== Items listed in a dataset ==
**********

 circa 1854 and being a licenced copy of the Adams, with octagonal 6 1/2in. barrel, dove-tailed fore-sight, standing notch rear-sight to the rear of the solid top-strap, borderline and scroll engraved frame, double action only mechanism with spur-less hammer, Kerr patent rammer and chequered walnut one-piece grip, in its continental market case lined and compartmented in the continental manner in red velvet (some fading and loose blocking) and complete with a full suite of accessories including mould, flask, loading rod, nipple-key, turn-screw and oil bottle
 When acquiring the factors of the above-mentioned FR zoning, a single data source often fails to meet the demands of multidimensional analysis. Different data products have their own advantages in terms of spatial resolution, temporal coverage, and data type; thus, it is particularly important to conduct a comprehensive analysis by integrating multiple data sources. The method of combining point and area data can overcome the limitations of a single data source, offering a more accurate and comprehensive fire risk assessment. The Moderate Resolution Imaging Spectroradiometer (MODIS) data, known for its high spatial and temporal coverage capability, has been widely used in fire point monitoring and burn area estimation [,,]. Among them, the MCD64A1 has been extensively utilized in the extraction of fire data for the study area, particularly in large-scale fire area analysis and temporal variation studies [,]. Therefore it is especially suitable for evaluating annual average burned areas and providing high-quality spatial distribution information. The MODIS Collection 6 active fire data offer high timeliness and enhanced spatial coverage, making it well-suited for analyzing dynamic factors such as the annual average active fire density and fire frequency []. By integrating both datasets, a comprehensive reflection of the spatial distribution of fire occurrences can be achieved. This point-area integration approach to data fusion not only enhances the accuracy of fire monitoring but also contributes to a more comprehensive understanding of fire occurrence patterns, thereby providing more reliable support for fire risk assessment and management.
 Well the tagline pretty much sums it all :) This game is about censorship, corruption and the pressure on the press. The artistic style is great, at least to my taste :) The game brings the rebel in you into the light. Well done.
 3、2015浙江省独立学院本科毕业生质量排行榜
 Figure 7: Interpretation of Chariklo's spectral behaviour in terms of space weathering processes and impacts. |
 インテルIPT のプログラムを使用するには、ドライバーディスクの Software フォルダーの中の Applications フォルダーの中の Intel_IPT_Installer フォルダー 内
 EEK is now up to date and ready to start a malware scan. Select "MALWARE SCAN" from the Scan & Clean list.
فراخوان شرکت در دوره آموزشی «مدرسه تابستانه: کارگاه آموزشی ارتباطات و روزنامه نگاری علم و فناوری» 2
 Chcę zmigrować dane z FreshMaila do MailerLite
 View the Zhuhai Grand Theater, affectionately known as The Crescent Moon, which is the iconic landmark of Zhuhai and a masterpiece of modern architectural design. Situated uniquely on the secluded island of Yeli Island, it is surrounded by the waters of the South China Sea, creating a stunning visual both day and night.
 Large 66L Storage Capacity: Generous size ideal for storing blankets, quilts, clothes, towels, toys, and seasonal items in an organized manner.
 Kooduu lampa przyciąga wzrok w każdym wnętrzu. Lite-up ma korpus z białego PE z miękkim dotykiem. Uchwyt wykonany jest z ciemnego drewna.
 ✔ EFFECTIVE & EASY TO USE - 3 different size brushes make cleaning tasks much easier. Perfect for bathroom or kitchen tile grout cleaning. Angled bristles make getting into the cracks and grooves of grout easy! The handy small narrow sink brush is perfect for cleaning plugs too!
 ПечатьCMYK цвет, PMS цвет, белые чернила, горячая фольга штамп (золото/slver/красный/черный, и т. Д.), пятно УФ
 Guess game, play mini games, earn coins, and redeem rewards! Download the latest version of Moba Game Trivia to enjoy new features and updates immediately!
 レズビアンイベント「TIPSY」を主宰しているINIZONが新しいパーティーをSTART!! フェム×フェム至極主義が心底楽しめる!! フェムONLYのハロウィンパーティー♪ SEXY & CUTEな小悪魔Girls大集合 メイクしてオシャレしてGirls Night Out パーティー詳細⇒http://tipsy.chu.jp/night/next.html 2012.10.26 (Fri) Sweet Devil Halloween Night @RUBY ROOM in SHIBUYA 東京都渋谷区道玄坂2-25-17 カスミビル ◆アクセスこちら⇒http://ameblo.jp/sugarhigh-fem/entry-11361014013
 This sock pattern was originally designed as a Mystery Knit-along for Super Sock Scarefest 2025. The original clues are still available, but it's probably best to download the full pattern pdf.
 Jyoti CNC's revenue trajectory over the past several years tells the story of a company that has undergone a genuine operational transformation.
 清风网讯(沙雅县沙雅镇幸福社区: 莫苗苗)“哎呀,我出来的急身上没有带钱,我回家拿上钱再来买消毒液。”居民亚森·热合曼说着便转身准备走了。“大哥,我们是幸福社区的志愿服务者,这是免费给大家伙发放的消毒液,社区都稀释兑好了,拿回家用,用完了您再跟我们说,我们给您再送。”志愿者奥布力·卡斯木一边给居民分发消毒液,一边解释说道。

**********

== ACTION ITEM ==
Transcribe the records above from the line holding "فراخوان شرکت در" down to the line holding "cleaning plugs too!", inclusive, without adding anything.

== OUTPUT FOR THIS EXERCISE ==
فراخوان شرکت در دوره آموزشی «مدرسه تابستانه: کارگاه آموزشی ارتباطات و روزنامه نگاری علم و فناوری» 2
 Chcę zmigrować dane z FreshMaila do MailerLite
 View the Zhuhai Grand Theater, affectionately known as The Crescent Moon, which is the iconic landmark of Zhuhai and a masterpiece of modern architectural design. Situated uniquely on the secluded island of Yeli Island, it is surrounded by the waters of the South China Sea, creating a stunning visual both day and night.
 Large 66L Storage Capacity: Generous size ideal for storing blankets, quilts, clothes, towels, toys, and seasonal items in an organized manner.
 Kooduu lampa przyciąga wzrok w każdym wnętrzu. Lite-up ma korpus z białego PE z miękkim dotykiem. Uchwyt wykonany jest z ciemnego drewna.
 ✔ EFFECTIVE & EASY TO USE - 3 different size brushes make cleaning tasks much easier. Perfect for bathroom or kitchen tile grout cleaning. Angled bristles make getting into the cracks and grooves of grout easy! The handy small narrow sink brush is perfect for cleaning plugs too!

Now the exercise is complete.